SECTION 4.04. Affirmative Covenants. So long as the Purchasers hold
---------------------
any Shares, the Company shall, and shall cause each Subsidiary to:
(i) comply with all applicable laws, rules and regulations of all
governmental authorities, the violation of which would reasonably be
expected to have a Material Adverse Effect, and pay and discharge when
payable all taxes, assessments and governmental charges (except to the
extent the same are being contested in good faith and adequate reserves
therefor have been established);
(ii) enter into and maintain appropriate nondisclosure and
noncompete agreements with its key employees; and
(iii) cause any Other Senior Management Agreement entered into by the
Company after the date hereof which provides for the sale of Common Stock
to or employment of certain members of senior management (the "Other
Executives"), to be in form and substance reasonably satisfactory to each
of the Purchasers.
SECTION 4.05. Current Public Information.
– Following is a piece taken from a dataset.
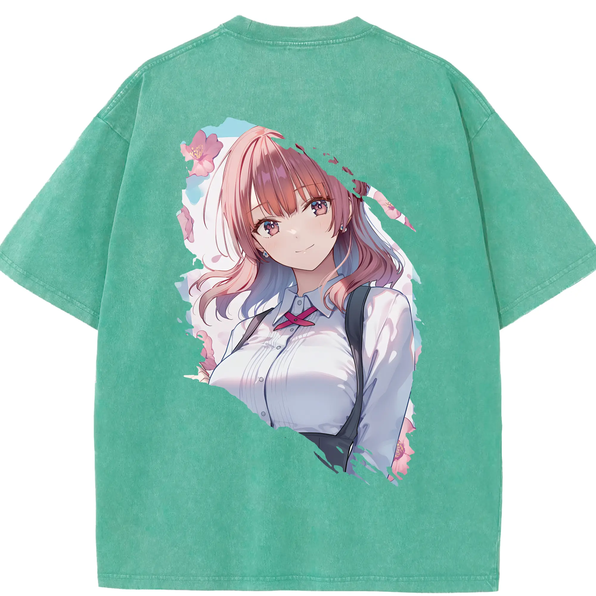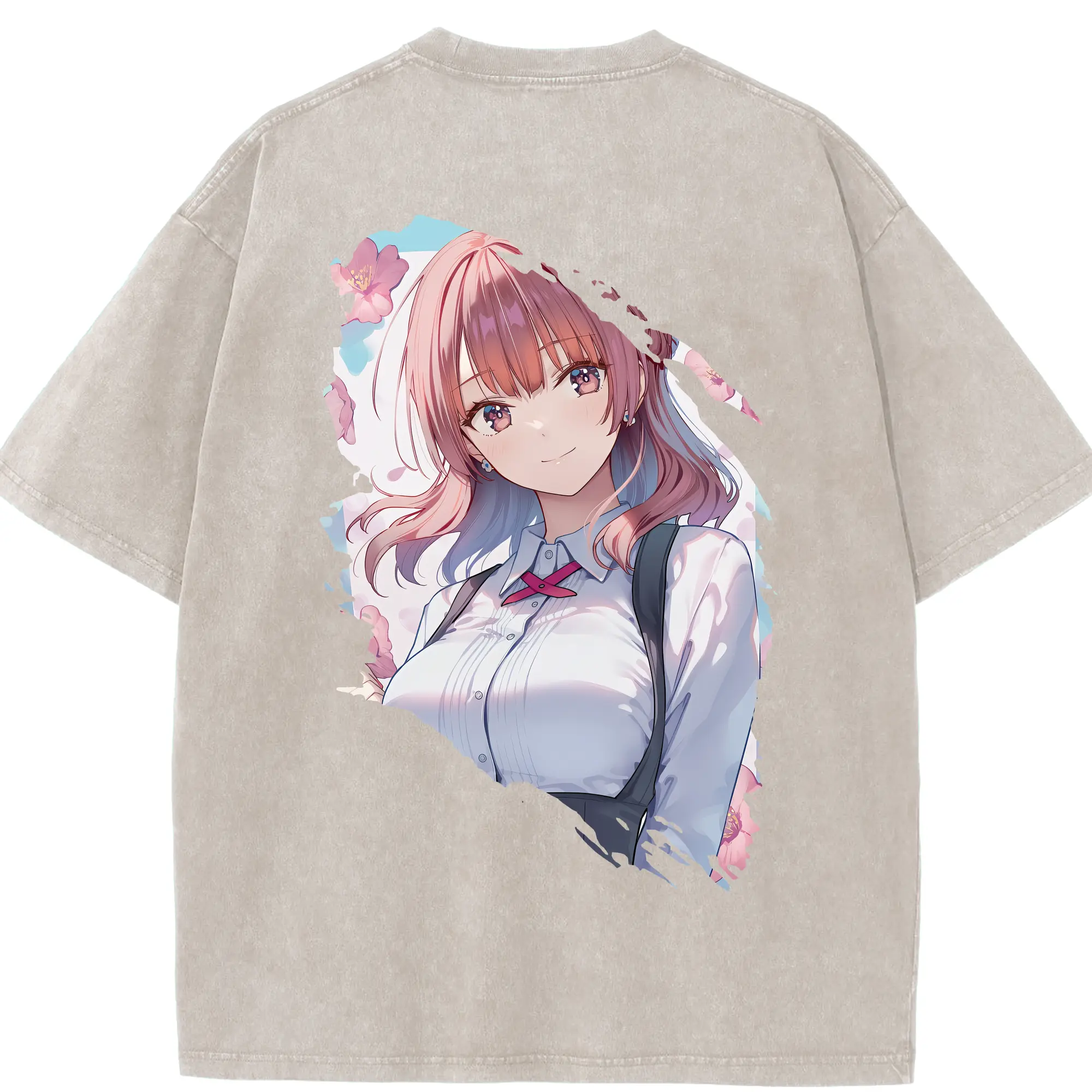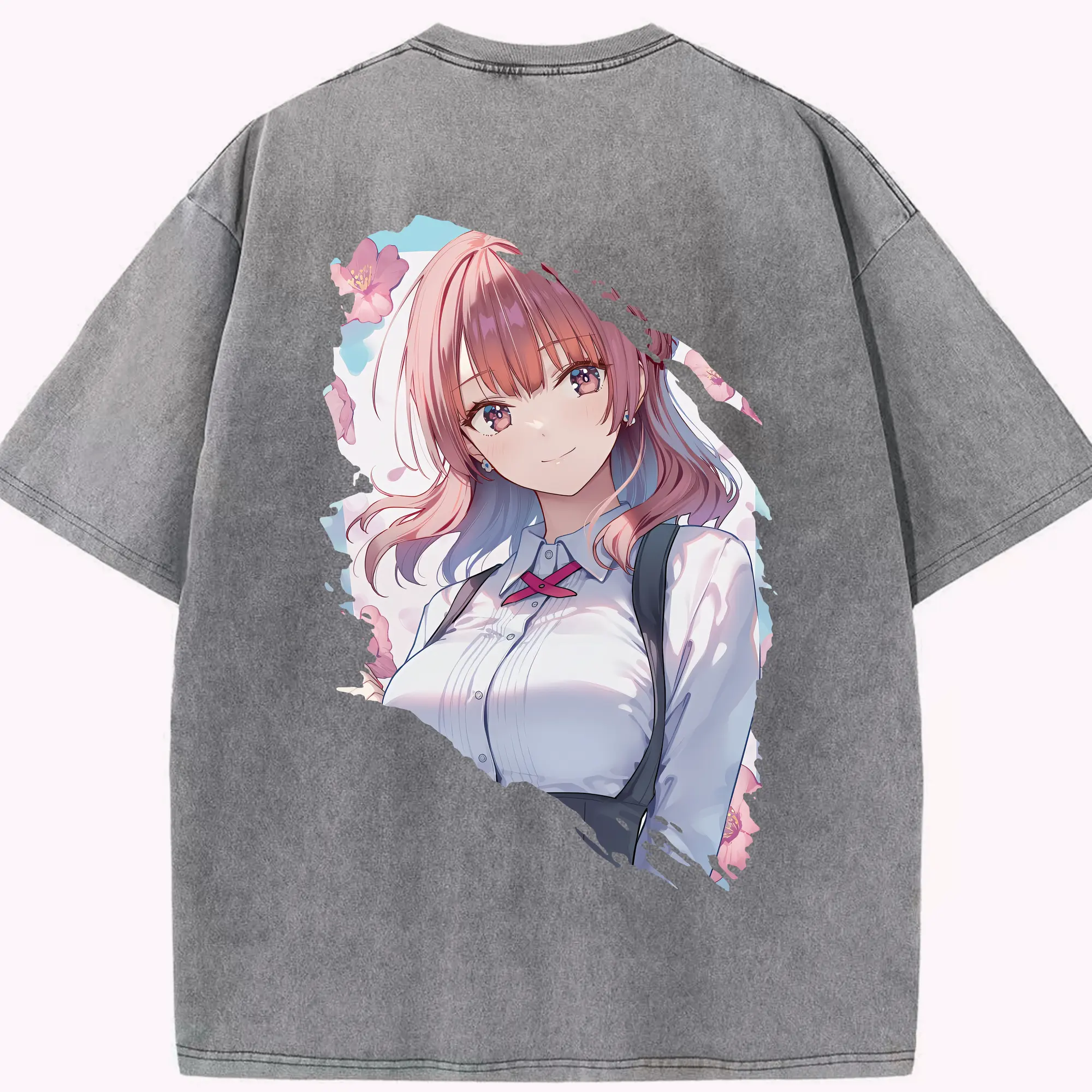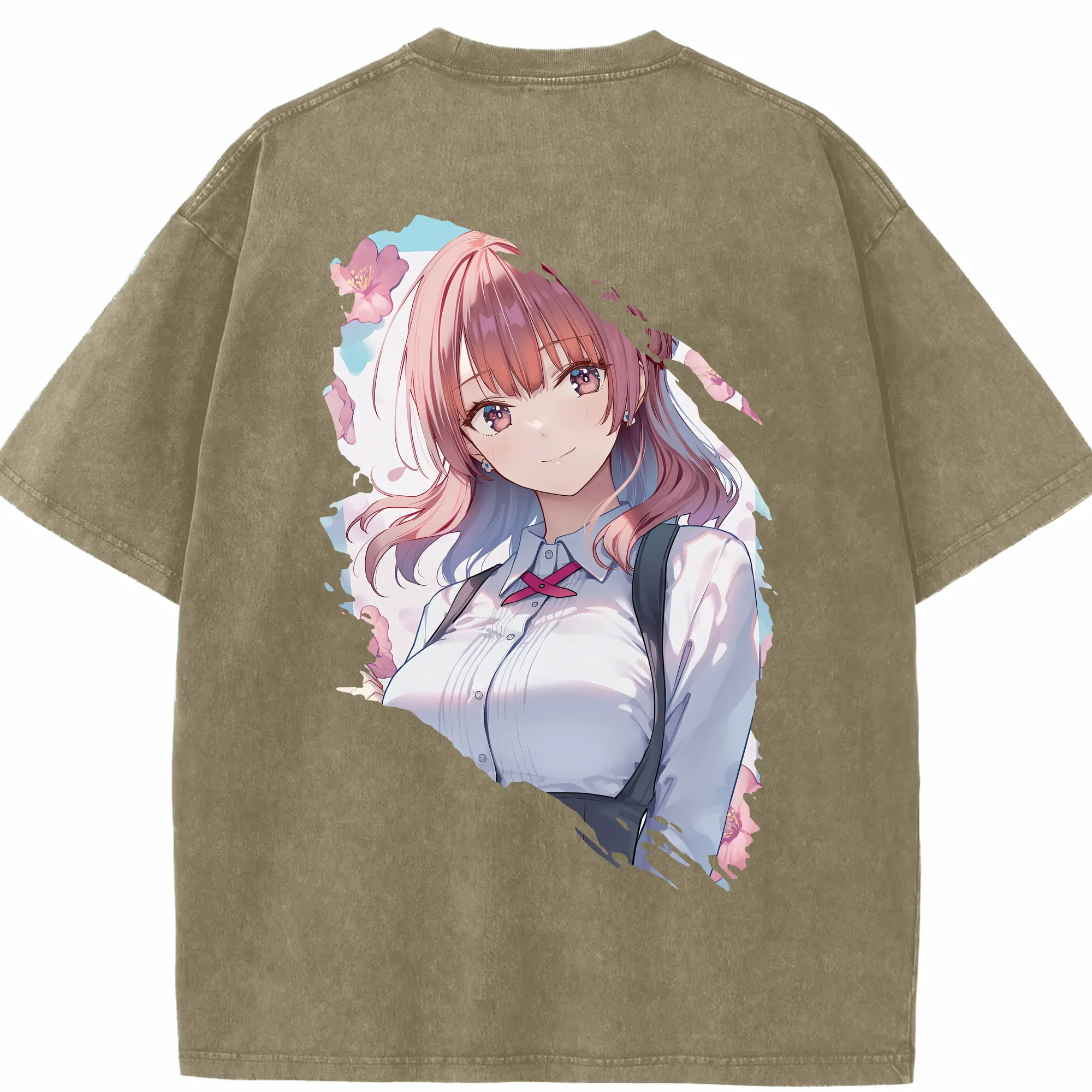 ナルト グッズ 綱手 - 綿100% ヴィンテージ風 半袖Tシャツ ・ 背面プリント ・ 柔らか肌触り ・ 通気性 快適 ・ スポーツ カジュアル 外出用

At all times after the
--------------------------
Company has filed a registration statement with the Securities and Exchange
Commission pursuant to the requirements of either the Securities Act or the
Securities Exchange Act of 1934 as amended (the "Securities Exchange Act"), the
Company shall file all reports required to be filed by it under the Securities
Act and the Securities Exchange Act and the rules and regulations adopted by the
Securities and Exchange Commission thereunder and shall take such further action
as any holder or holders of the Securities may reasonably request, all to the
extent required to enable such holders to sell the Securities pursuant to (i)
Rule 144 adopted by the Securities and Exchange Commission under the Securities
Act (as such rule may be amended from time to time) or any similar rule or
regulation hereafter adopted by the Securities and Exchange Commission or (ii) a
registration statement on Form S-2 or S-3 or any similar registration form
hereafter adopted by the Securities and Exchange Commission. Upon request, the
Company shall
12
deliver to any holder of the Securities a written statement as to whether it has
complied with such requirements.
SECTION 4.06. Amendment of Other Agreements. The Company shall not
-----------------------------
amend, modify or waive any provision of any Management Agreement without the
prior written consent of the holders of a majority of the Shares, and the
Company shall enforce the provisions of the Management Agreements and shall
exercise all of its rights and remedies thereunder (including, without
limitation, any repurchase options and first refusal rights) unless it is
otherwise directed by the holders of a majority of the Shares.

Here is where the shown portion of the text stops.